Provided data -
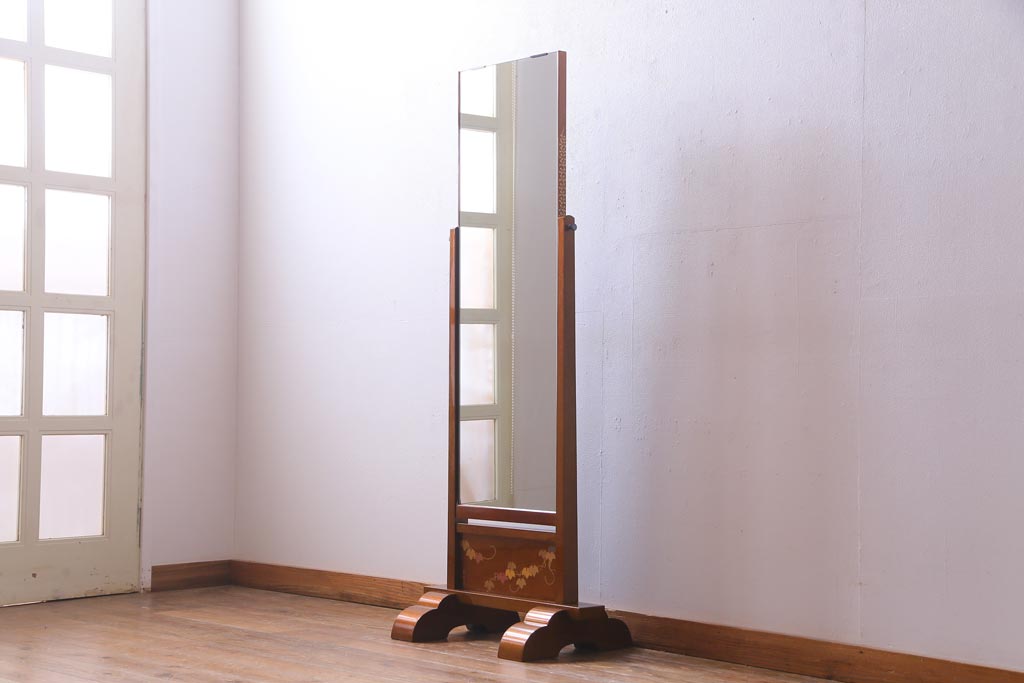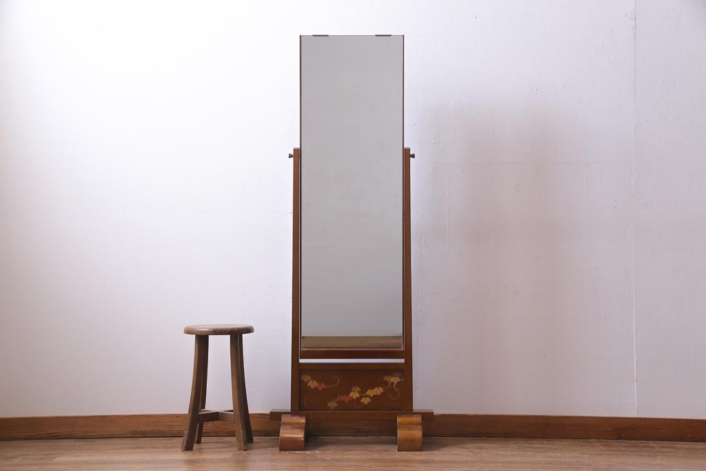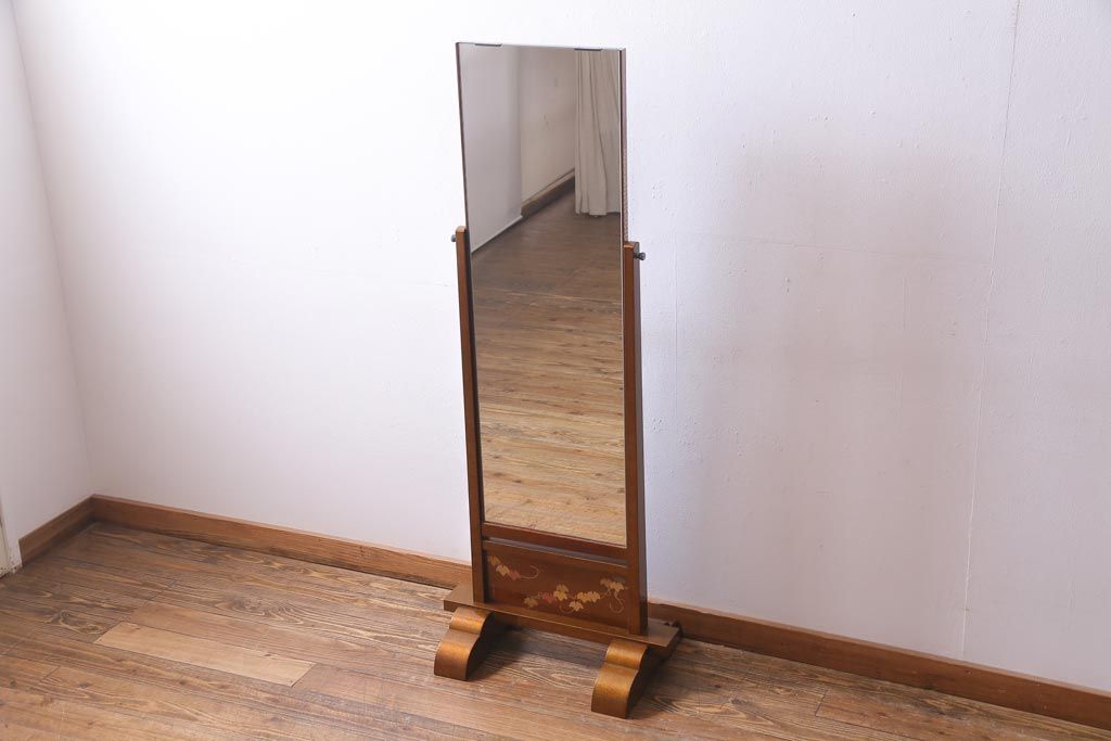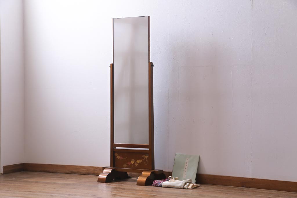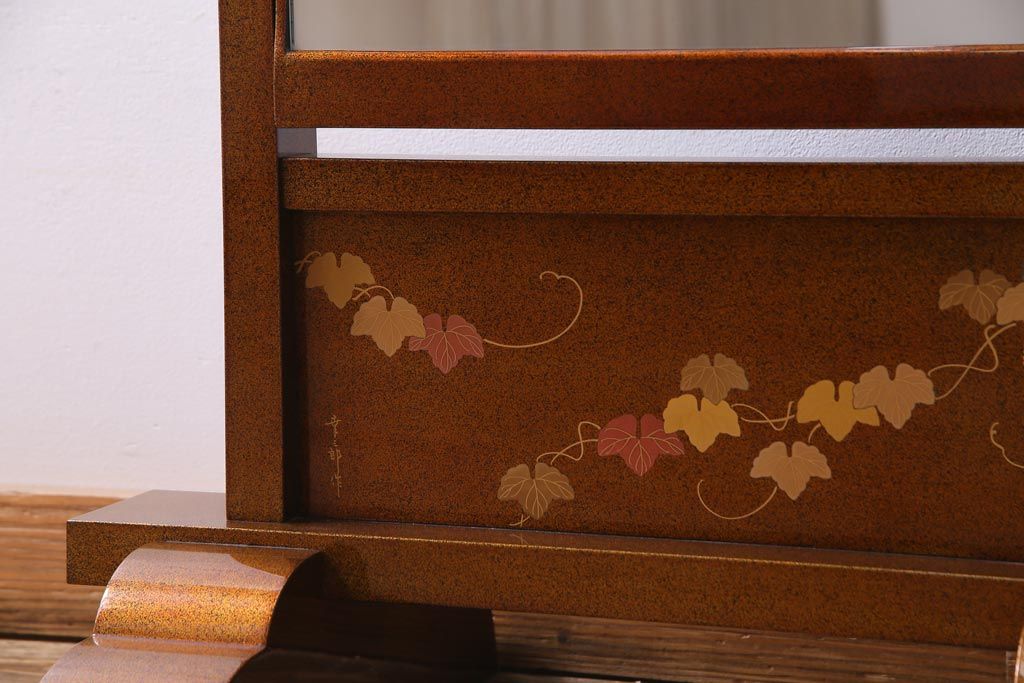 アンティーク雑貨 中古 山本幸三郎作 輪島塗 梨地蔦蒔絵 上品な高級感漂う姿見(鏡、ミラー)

--

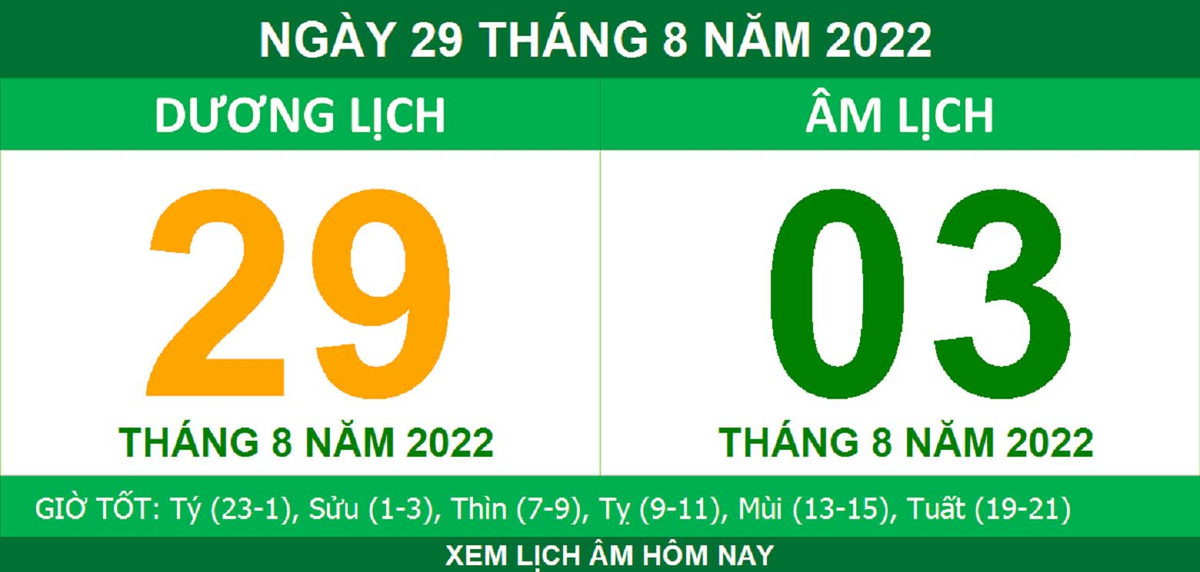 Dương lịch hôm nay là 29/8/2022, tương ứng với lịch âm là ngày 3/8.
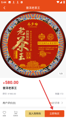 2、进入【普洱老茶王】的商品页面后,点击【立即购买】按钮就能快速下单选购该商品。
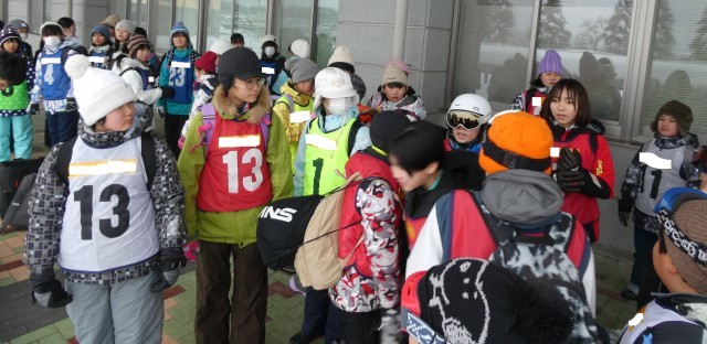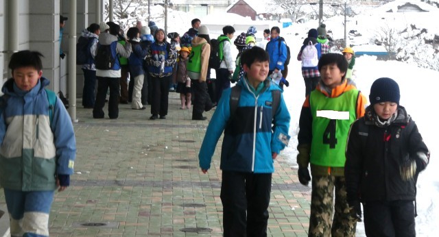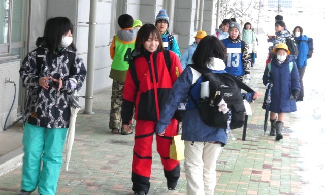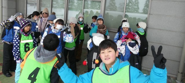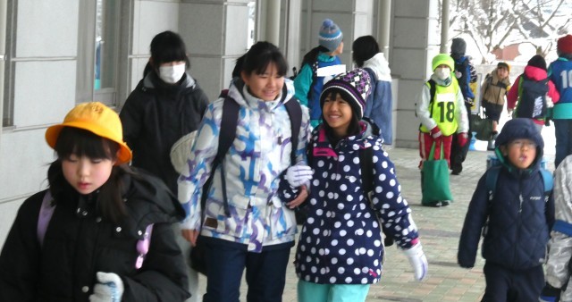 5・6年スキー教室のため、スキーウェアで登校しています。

Work instruction - Exact repeat of the material above: every line from the one with "Dương lịch hôm" through the one with "5・6年スキー教室のため、スキーウェアで登校しています。", endpoints included, and nothing more. No pictures.

Your solution -
 Dương lịch hôm nay là 29/8/2022, tương ứng với lịch âm là ngày 3/8.
 2、进入【普洱老茶王】的商品页面后,点击【立即购买】按钮就能快速下单选购该商品。
 5・6年スキー教室のため、スキーウェアで登校しています。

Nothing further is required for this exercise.